*** Supplied material ***
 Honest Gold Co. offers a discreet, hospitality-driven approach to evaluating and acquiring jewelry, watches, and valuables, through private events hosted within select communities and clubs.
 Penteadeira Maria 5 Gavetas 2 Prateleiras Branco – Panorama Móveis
*** End of Supplied material ***
*** Supplied material ***
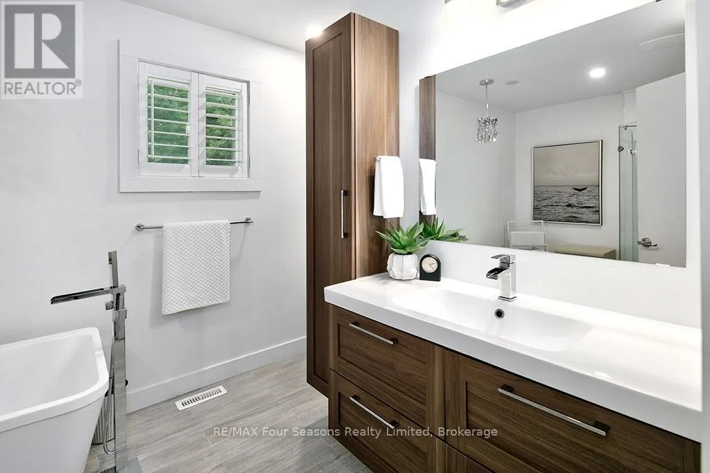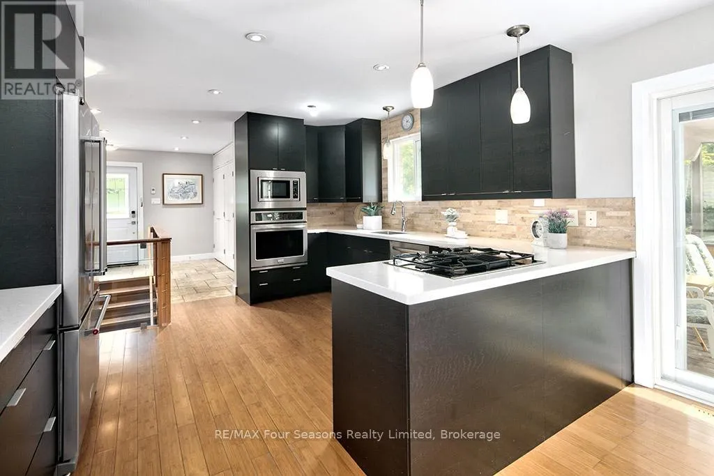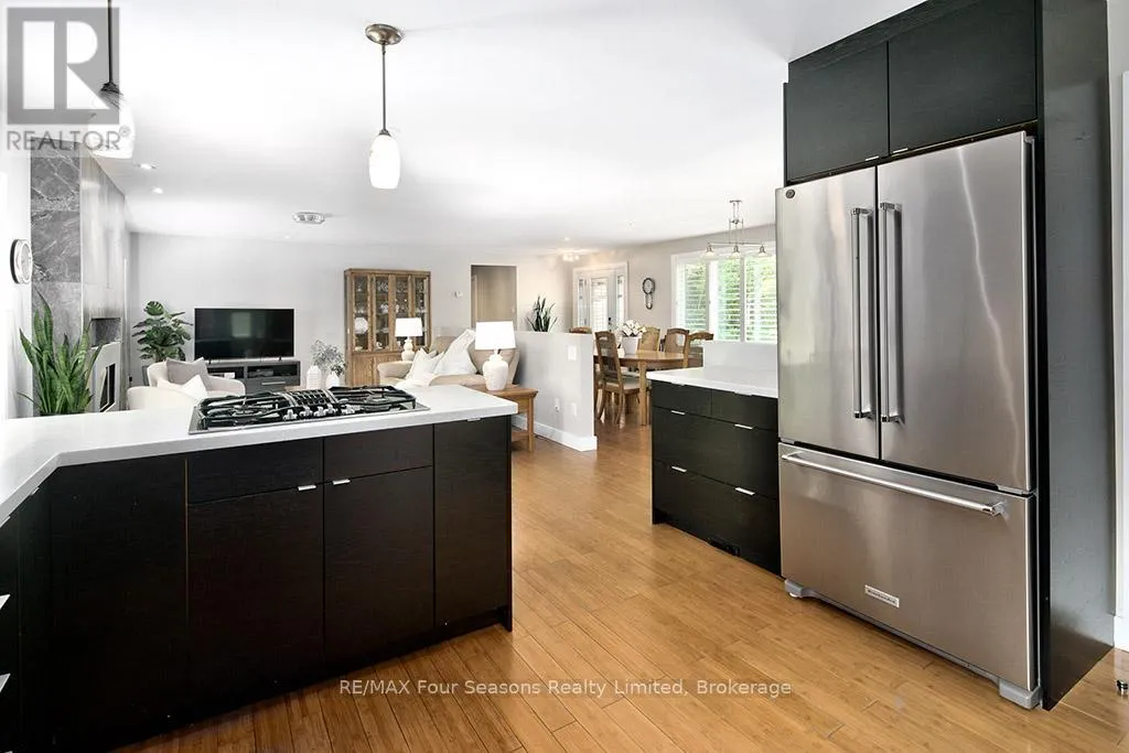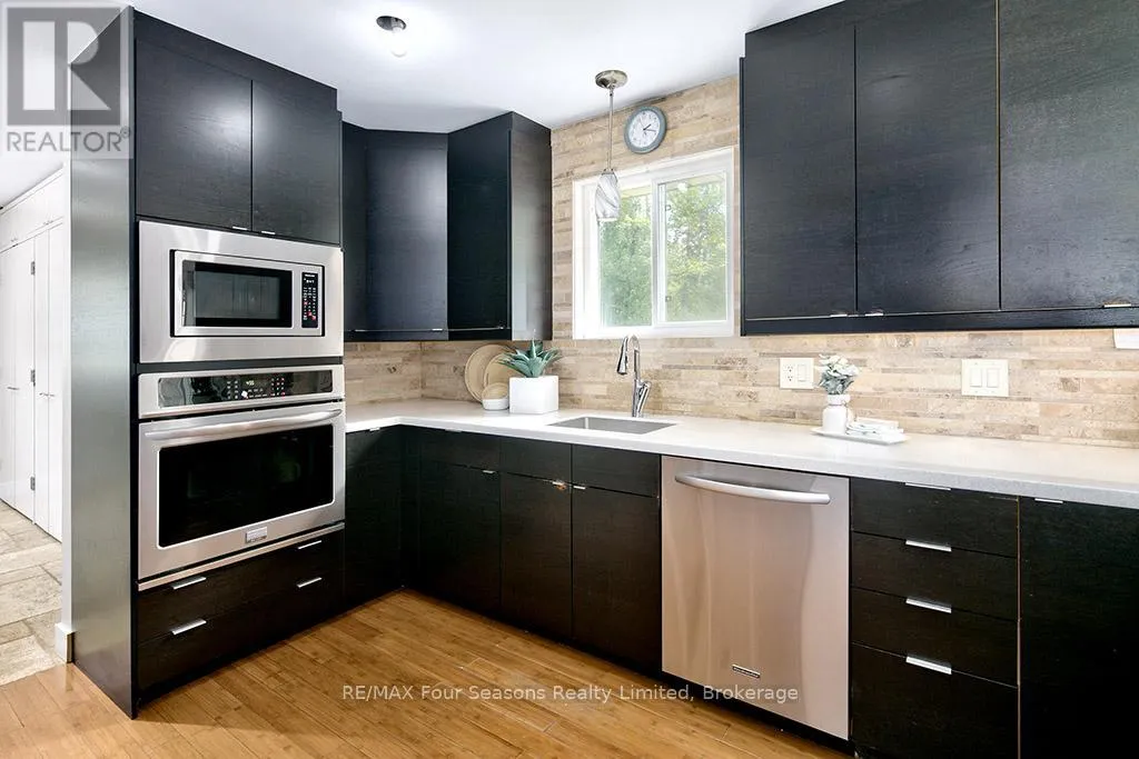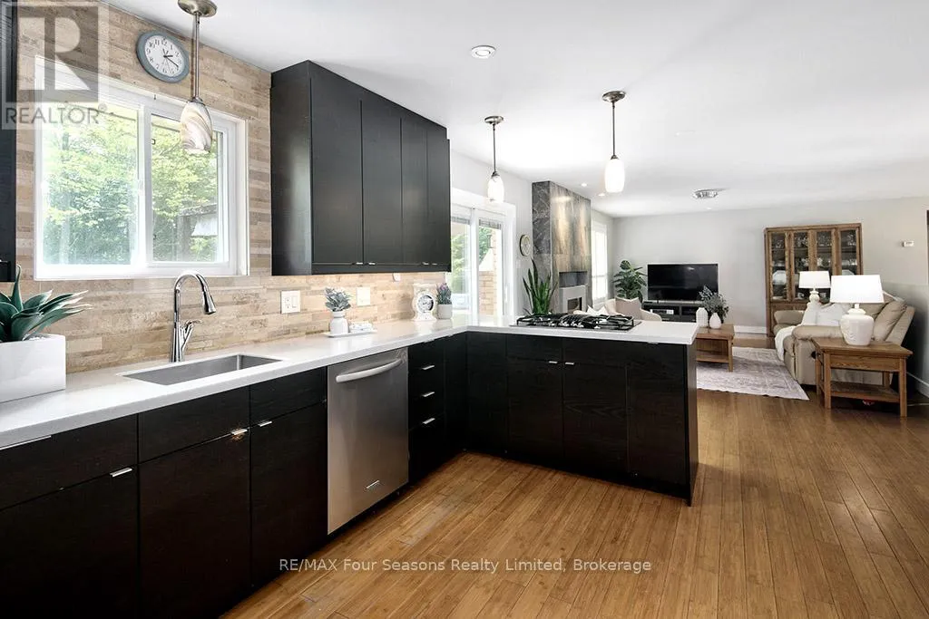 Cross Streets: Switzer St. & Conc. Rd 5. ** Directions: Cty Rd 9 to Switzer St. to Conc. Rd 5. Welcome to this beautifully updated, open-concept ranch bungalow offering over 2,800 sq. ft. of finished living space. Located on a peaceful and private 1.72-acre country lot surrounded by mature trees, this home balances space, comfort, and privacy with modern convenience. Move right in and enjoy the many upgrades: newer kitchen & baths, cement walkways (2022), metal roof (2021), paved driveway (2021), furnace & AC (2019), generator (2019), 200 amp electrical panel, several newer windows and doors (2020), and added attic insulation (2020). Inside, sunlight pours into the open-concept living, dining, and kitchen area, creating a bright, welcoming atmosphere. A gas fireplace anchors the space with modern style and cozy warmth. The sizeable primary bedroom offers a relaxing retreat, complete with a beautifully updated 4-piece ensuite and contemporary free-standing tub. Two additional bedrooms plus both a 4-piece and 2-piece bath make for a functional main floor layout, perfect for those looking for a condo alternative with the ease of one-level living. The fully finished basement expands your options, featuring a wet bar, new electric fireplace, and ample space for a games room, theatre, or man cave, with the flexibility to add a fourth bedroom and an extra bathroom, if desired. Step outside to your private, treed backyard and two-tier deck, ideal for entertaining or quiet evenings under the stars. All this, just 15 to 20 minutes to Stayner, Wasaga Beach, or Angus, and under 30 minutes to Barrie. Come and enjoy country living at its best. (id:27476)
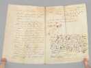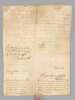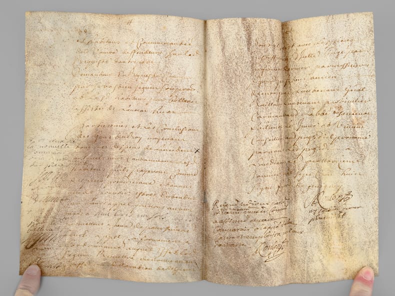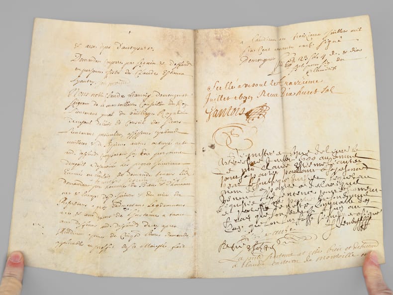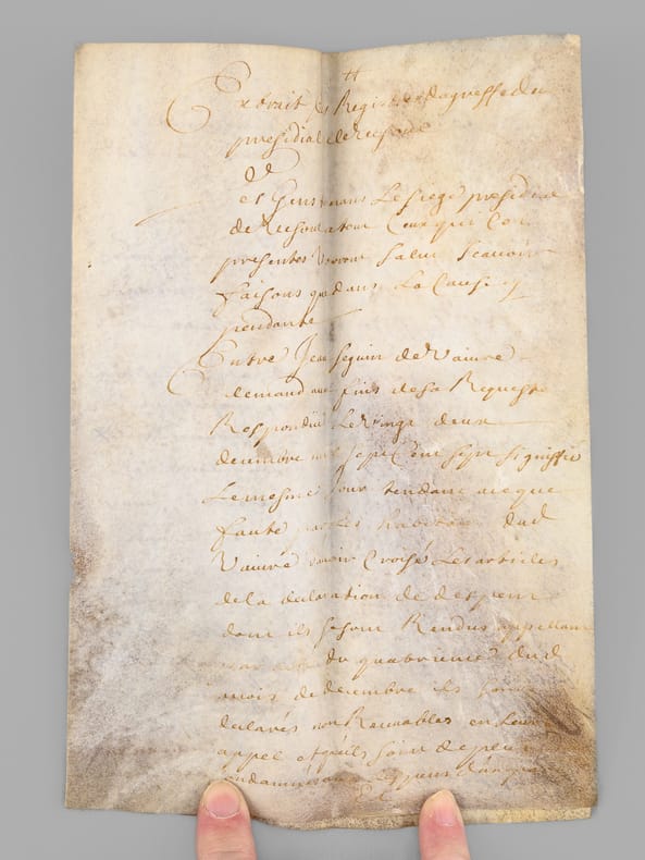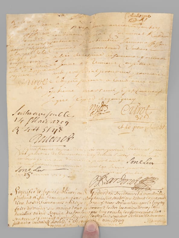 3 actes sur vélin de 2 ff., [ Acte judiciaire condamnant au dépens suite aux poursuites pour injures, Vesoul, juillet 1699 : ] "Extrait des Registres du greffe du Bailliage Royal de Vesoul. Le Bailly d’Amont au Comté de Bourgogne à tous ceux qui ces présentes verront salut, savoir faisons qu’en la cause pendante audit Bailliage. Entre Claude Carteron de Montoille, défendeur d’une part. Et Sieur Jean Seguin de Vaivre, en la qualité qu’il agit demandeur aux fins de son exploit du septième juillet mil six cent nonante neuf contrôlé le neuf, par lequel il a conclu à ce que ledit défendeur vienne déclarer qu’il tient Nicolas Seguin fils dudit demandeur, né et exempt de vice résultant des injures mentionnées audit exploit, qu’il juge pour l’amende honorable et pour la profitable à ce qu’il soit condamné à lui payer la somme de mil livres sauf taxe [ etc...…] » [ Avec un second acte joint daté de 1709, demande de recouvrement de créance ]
*** End of Supplied material ***
Quote the data above from the line containing "Honest Gold Co." to the line containing "Penteadeira Maria 5", inclusive, and stop.

### Answer space
 Honest Gold Co. offers a discreet, hospitality-driven approach to evaluating and acquiring jewelry, watches, and valuables, through private events hosted within select communities and clubs.
 Penteadeira Maria 5 Gavetas 2 Prateleiras Branco – Panorama Móveis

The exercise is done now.